Sure, a change to a file in a directory affects the directory, but you
are
then forced to keep a cache of stat structures around to compare
things in
order to find out which file.
* dnotify's interface to user-space is awful.
o dnotify uses signals to communicate with user-space.
o Specifically, dnotify uses SIGIO.
o But then you can pick a different signal! So by "signals," I really
meant you need to use real-time signals if you want to queue the
events.
* dnotify basically ignores any problems that would arise in the VFS
from hard
links.
* Rumor is that the "d" in "dnotify" does not stand for "directory" but
for
"suck."

A suitable replacement is "inotify." And now, my tract on what inotify
brings
to the table:

* inotify's interface is a device node, not SIGIO.
o You open only a single fd, to the device node. No more pinning
directories or opening a million file descriptors.
o Usage is nice: open the device, issue simple commands via ioctl(),
and then block on the device. It returns events when, well, there are
events to be returned.
o You can select() on the device node and so it integrates with main
loops like coffee mixed with vanilla milkshake.
* inotify has an event that says "the filesystem that the item you were
watching is on was unmounted" (this is particularly cool).
* inotify can watch directories or files.
* The "i" in inotify does not stand for "suck" but for "inode" -- the
logical
choice since inotify is inode-based.


--COMPLEXITY--

I have been asked what the complexity of inotify is. Inotify has
2 path codes where complexity could be an issue:

Adding a watcher to a device
This code has to check if the inode is already being watched
by the device, this is O(1) since the maximum number of
devices is limited to 8.


Removing a watch from a device
This code has to do a search of all watches on the device to
find the watch descriptor that is being asked to remove.
This involves a linear search, but should not really be an issue
because it is limited to 8192 entries. If this does turn in to
a concern, I would replace the list of watches on the device
with a sorted binary tree, so that the search could be done
very quickly.


The calls to inotify from the VFS code has a complexity of O(1) so
inotify does not affect the speed of VFS operations.

--MEMORY USAGE--

The inotify data structures are light weight:

inotify watch is 40 bytes
inotify device is 68 bytes
inotify event is 272 bytes

So assuming a device has 8192 watches, the structures are only going
to consume 320KB of memory.

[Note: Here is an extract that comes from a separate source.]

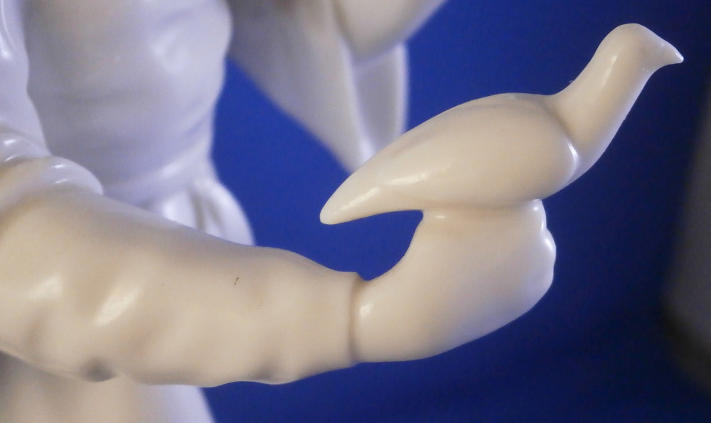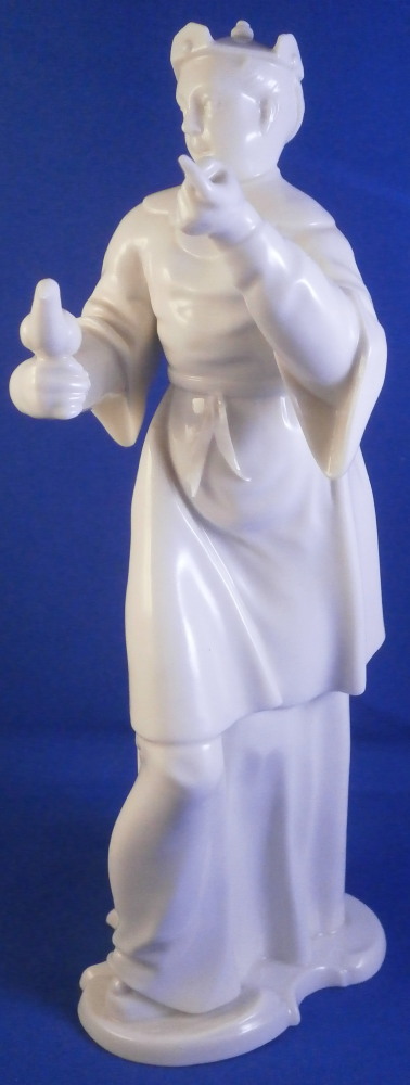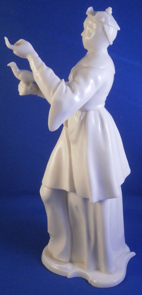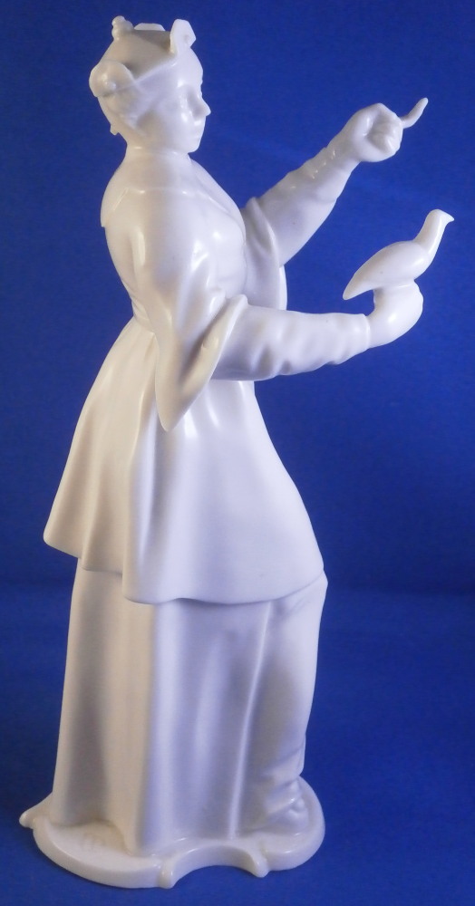 This is a figurine of a Chinese lady made by Nymphenburg in the 20th century. The figure comes from a series of 17 or 18 figurines I think - this being one of the harder to find pieces and number 13 of the series for me. Originally it was off course modelled by Bustelli in the 18th century. This is the blanc de chine version but this also comes in a painted version though one rarely ever sees those. I own a few figures from this seriesand they are probably my favorite figures besides the commedia dell'Arte, off course. The figurine is of a noble lady or priestess (not sure) dressed in a flowing robe with a fancy hat on her head and a bird sitting on her right hand. The left hand with a finger stretched out as if to lure another bird on that hand. Some nice modeled details to the figurine and the typical base. The figure is 7.25 inches tall, 2.375 inches wide and 3.75 inches deep. She is in great condition with a piece of the strap missing that is holding her hat in place (it is in the back and invisible when on display plus the ends of the belt around her waste are slightly chipped as shown. Not obvious at all when on display. The figurine is marked with the impressed shield mark on top of the base as well as underneath plus the impressed numbers 197 and 7 as shown. Please email me for more information or other pictures.

With a maximum number of 8 devices allowed
to exist at a time, this is still only 2.5 MB

Each device can also have 256 events queued at a time, which sums to
68KB per device. And only .5 MB if all devices are opened and have
a full event queue.

So approximately 3 MB of memory are used in the rare case of
everything open and full.

Each inotify watch pins the inode of a directory/file in memory,
the size of an inode is different per file system but lets assume
that it is 512 byes.

So assuming the maximum number of global watches are active, this would
pin down 32 MB of inodes in the inode cache. Again not a problem
on a modern system.

On smaller systems, the maximum watches / events could be lowered
to provide a smaller foot print.

Keep in mind that this is an absolute worst case memory analysis.
In reality it will most likely cost approximately 5MB.

--HOWTO USE--
Inotify is a character device that when opened offers 2 IOCTL's.
(It actually has 4 but the other 2 are used for debugging)

INOTIFY_WATCH:
Which takes a path and event mask and returns a unique
(to the instance of the driver) integer (wd [watch descriptor]
from here on) that is a 1:1 mapping to the path passed.
What happens is inotify gets the inode (and ref's the inode)
for the path and adds a inotify_watcher structure to the inodes
list of watchers. If this instance of the driver is already
watching the path, the event mask will be updated and
the original wd will be returned.

INOTIFY_IGNORE:
Which takes an integer (that you got from INOTIFY_WATCH)
representing a wd that you are not interested in watching
anymore. This will:

send an IGNORE event to the device
remove the inotify_watcher structure from the device and
from the inode and unref the inode.

After you are watching 1 or more paths, you can read from the fd
and get events. The events are struct inotify_event. If you are
watching a directory and something happens to a file in the directory
the event will contain the filename (just the filename not the full
path).

-- EVENTS --
IN_ACCESS - Sent when file is accessed.
IN_MODIFY - Sent when file is modified.
IN_ATTRIB - Sent when file is chmod'ed.
IN_CLOSE - Sent when file is closed
IN_OPEN - Sent when file is opened.
IN_MOVED_FROM - Sent to the source folder of a move.
IN_MOVED_TO - Sent to the destination folder of a move.
IN_DELETE_SUBDIR - Sent when a sub directory is deleted. (When watching
parent)
IN_DELETE_FILE - Sent when a file is deleted. (When watching parent)
IN_CREATE_SUBDIR - Sent when a sub directory is created. (When watching
parent)
IN_CREATE_FILE - Sent when a file is created. (When watching parent)
IN_DELETE_SELF - Sent when file is deleted.
IN_UNMOUNT - Sent when the filesystem is being unmounted.
IN_Q_OVERFLOW - Sent when your event queue has over flowed.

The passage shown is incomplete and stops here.